Brethren, it is tiring to be Christian. We stand, we walk, we race. We fight, we run, we go. It’s all active, every day. Christians who get tired are called liberals. Soon after, they are called apostates. Does one think it pleases the Holy God for Christians to be so attached to the world that they are grateful for a secular crumb in an online blog that besmirches Holy Scripture? Have we become that pathetic? Yes. Revelation 3:14-15 tells us that through Christ’s rebuke to the lukewarm Laodicean church, AKA the apostate church. We’re supposed to be separate from the world, as God told Ezra as the model of separating so as not to be polluted:
“Now make confession to the LORD, the God of your fathers, and do his will. Separate yourselves from the peoples around you and from your foreign wives.” (Ezra 10:11). Haggai 2:12-13 has something to say about it, too. So the first point is that by conforming to the world we soon seek the world’s approval and not God’s. Christian, beware! It’s a sly and subtle process.
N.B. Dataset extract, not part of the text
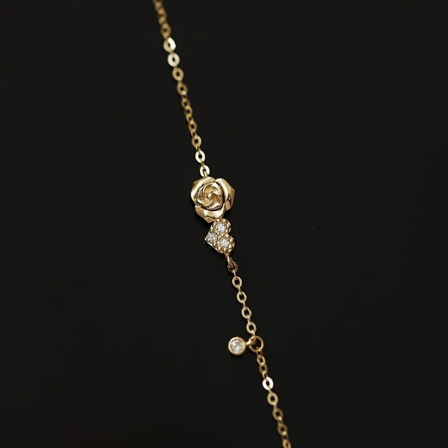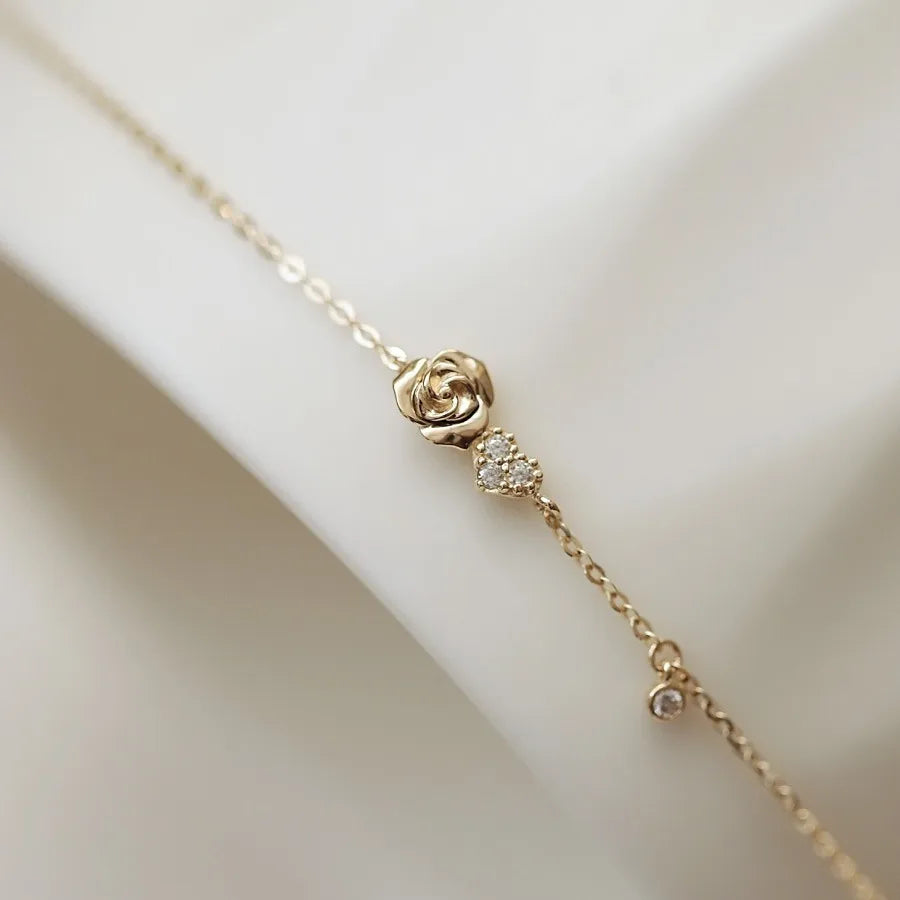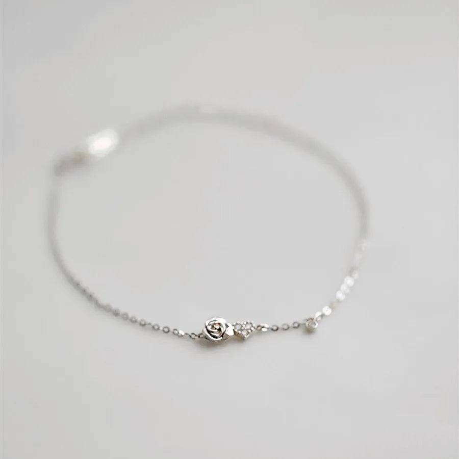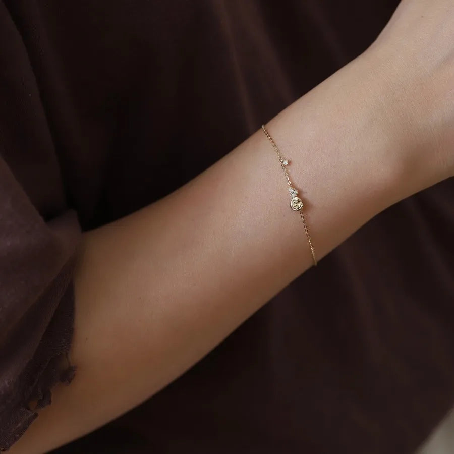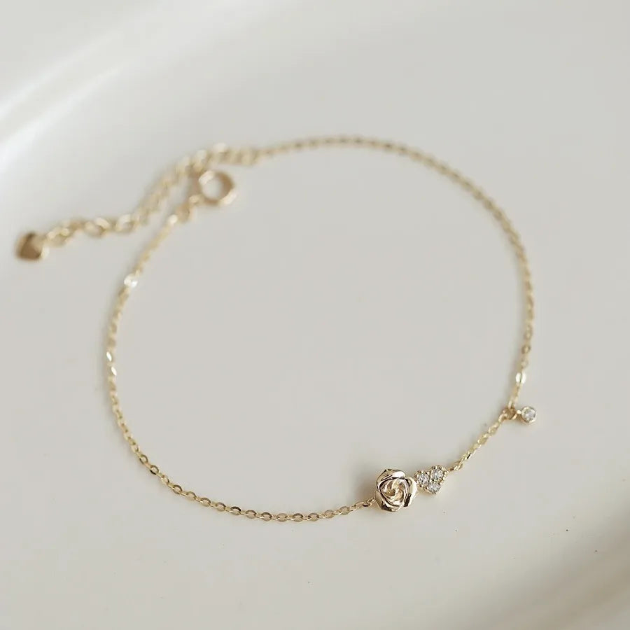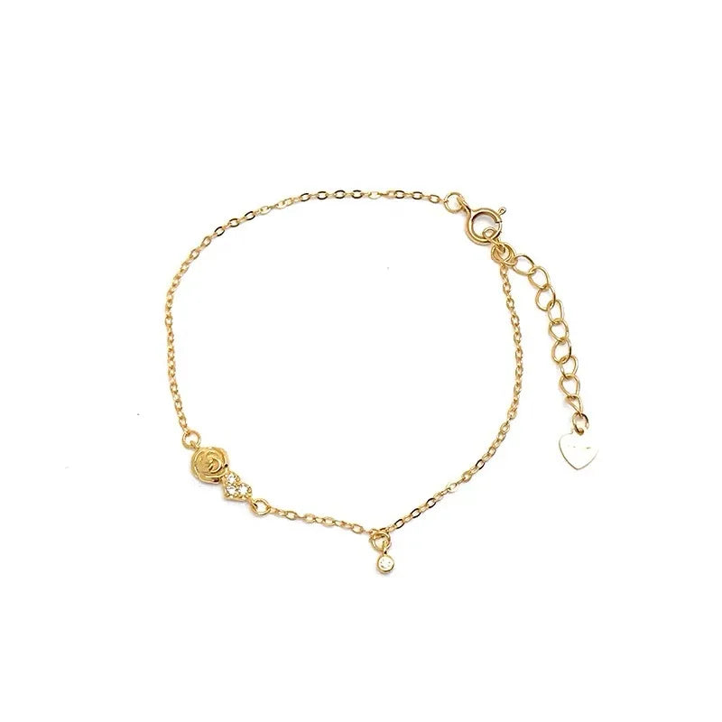 S925 Sterling Silver Zirconia Princess Rose Fine Gold Bracelet Bohemian Floral Print Sweet Style Women's Hand Jewelry

Secondly, the point also is that academia these days seems especially polluted. I am not saying there aren’t good bible colleges. But most of them have compromised. For example, there are about 105 colleges in the Christian Coalition and only 6 adhere to a biblical, literal interpretation of the Genesis 6-day creation. Rather than being a bastion of free, conservative and staunch doctrinal thought, seminaries, Christian colleges and Christian Universities tend to the heretical rather than the biblical. I’ve noticed this in my own experience time and again. I know people who were hot to become missionaries operating under the Godly influence of the pure Holy Spirit but when they went to Christian Seminaries they came out academic gamesmen, pursuing academic thought in ever higher sheepskin degrees for its own sake, not the Lord’s.
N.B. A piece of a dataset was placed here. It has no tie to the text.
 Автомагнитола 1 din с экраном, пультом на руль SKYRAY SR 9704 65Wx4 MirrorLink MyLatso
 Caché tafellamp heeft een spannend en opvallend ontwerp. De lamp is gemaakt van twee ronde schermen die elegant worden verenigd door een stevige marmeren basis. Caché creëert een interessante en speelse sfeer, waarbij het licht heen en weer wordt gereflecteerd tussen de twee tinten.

My advice to you is to be wary and skeptical of Professors, Academic Theologians AND Seminary students and their doctrines than accepting of them. In all cases, even with the most conservative and proven pastors or professors, be a Berean and ask the Spirit to deliver wisdom to you in situations where you have a conflict between doctrines you’ve learned or a question about scripture. He leads into all truth, being the Holy Teacher. Also, ask for discernment. The scriptures are rife with Godly men asking for it, as David did here:
“Teach me good judgment and knowledge, for I believe in your commandments.” (Psalm 119:66). We have this promise, too:
“My son, if you receive my words,
And treasure my commands within you,
So that you incline your ear to wisdom,
And apply your heart to understanding;
Yes, if you cry out for discernment,
And lift up your voice for understanding,
If you seek her as silver,
And search for her as for hidden treasures;
Then you will understand the fear of the LORD,
And find the knowledge of God.
For the LORD gives wisdom;
From His mouth come knowledge and understanding;
He stores up sound wisdom for the upright; ” (Proverbs 2:1-7a)
Be very, very careful these days. And for heaven’s sakes, don’t read Huffington Post!